• [Exercise]: Make an exact transcript of the lines in the data below, starting with the one containing "Brown Dress in Bold Tiger Print" and going on through the one containing "Sistem de intrare", with both included and the pictures left out.

• [Excerpted data]:
<<<<
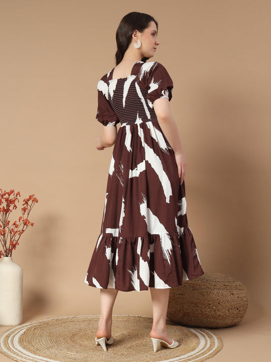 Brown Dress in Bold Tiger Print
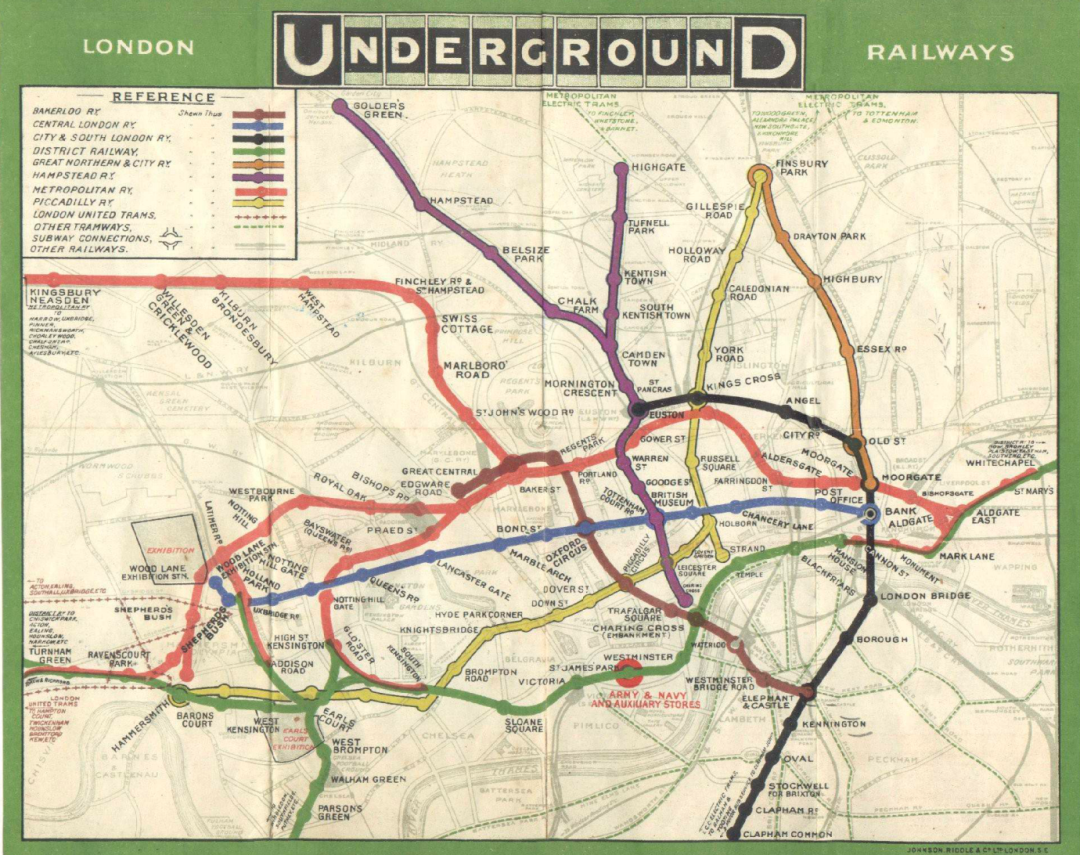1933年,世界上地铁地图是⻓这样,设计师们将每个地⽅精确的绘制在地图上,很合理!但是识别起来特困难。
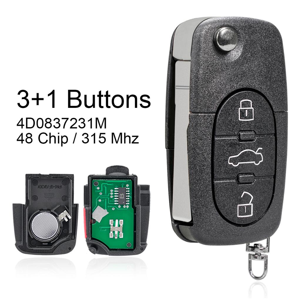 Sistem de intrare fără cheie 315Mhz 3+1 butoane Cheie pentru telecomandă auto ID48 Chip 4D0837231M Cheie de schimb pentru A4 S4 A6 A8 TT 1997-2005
>>>>
<<<<
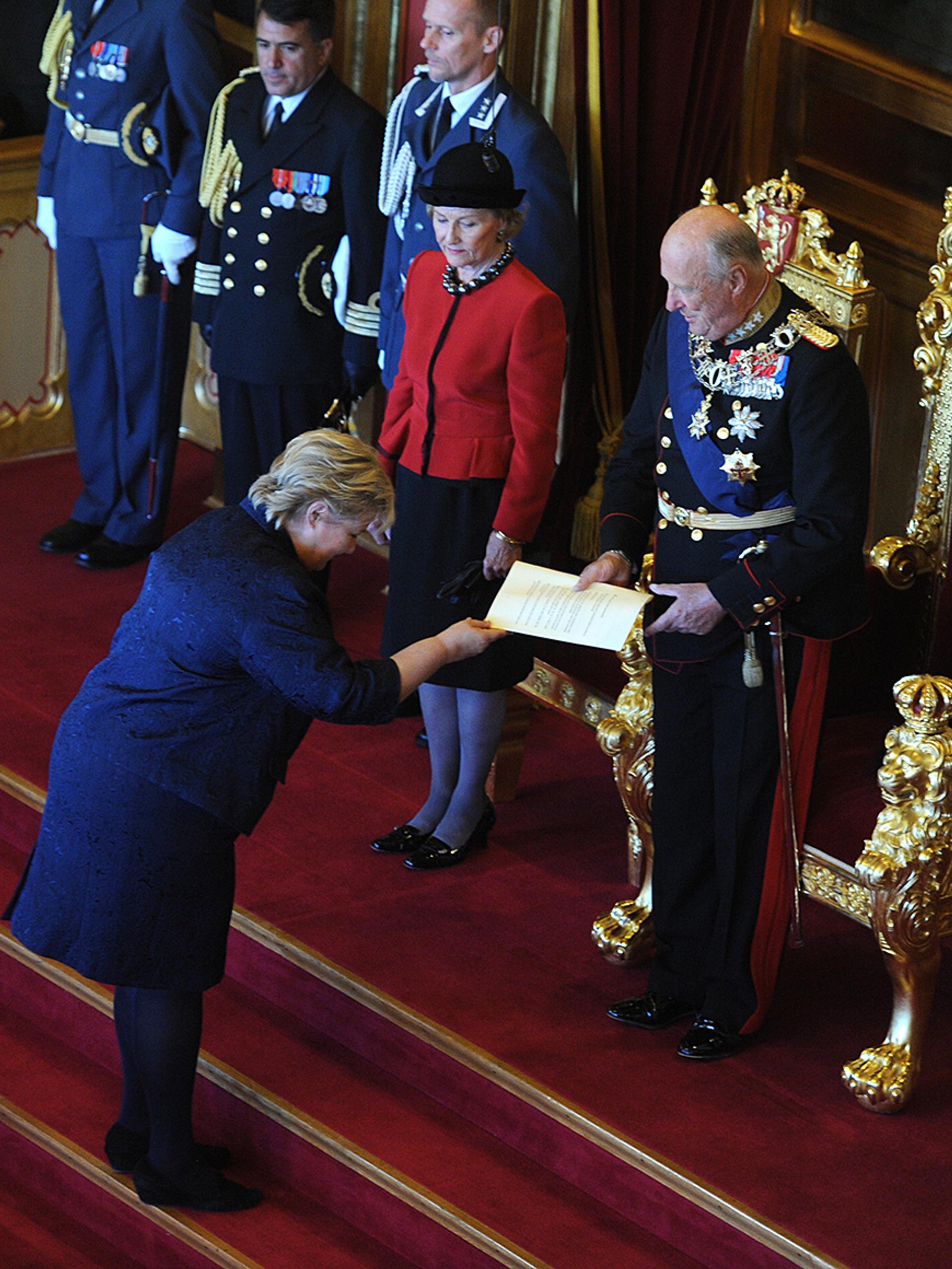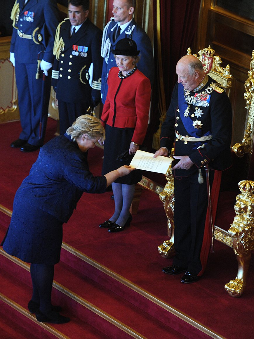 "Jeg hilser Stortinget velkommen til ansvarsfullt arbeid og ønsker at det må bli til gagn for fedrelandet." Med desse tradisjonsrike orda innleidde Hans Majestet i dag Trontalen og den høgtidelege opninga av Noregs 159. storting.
>>>>
• [Expected answer]:
 Brown Dress in Bold Tiger Print
1933年,世界上地铁地图是⻓这样,设计师们将每个地⽅精确的绘制在地图上,很合理!但是识别起来特困难。
 Sistem de intrare fără cheie 315Mhz 3+1 butoane Cheie pentru telecomandă auto ID48 Chip 4D0837231M Cheie de schimb pentru A4 S4 A6 A8 TT 1997-2005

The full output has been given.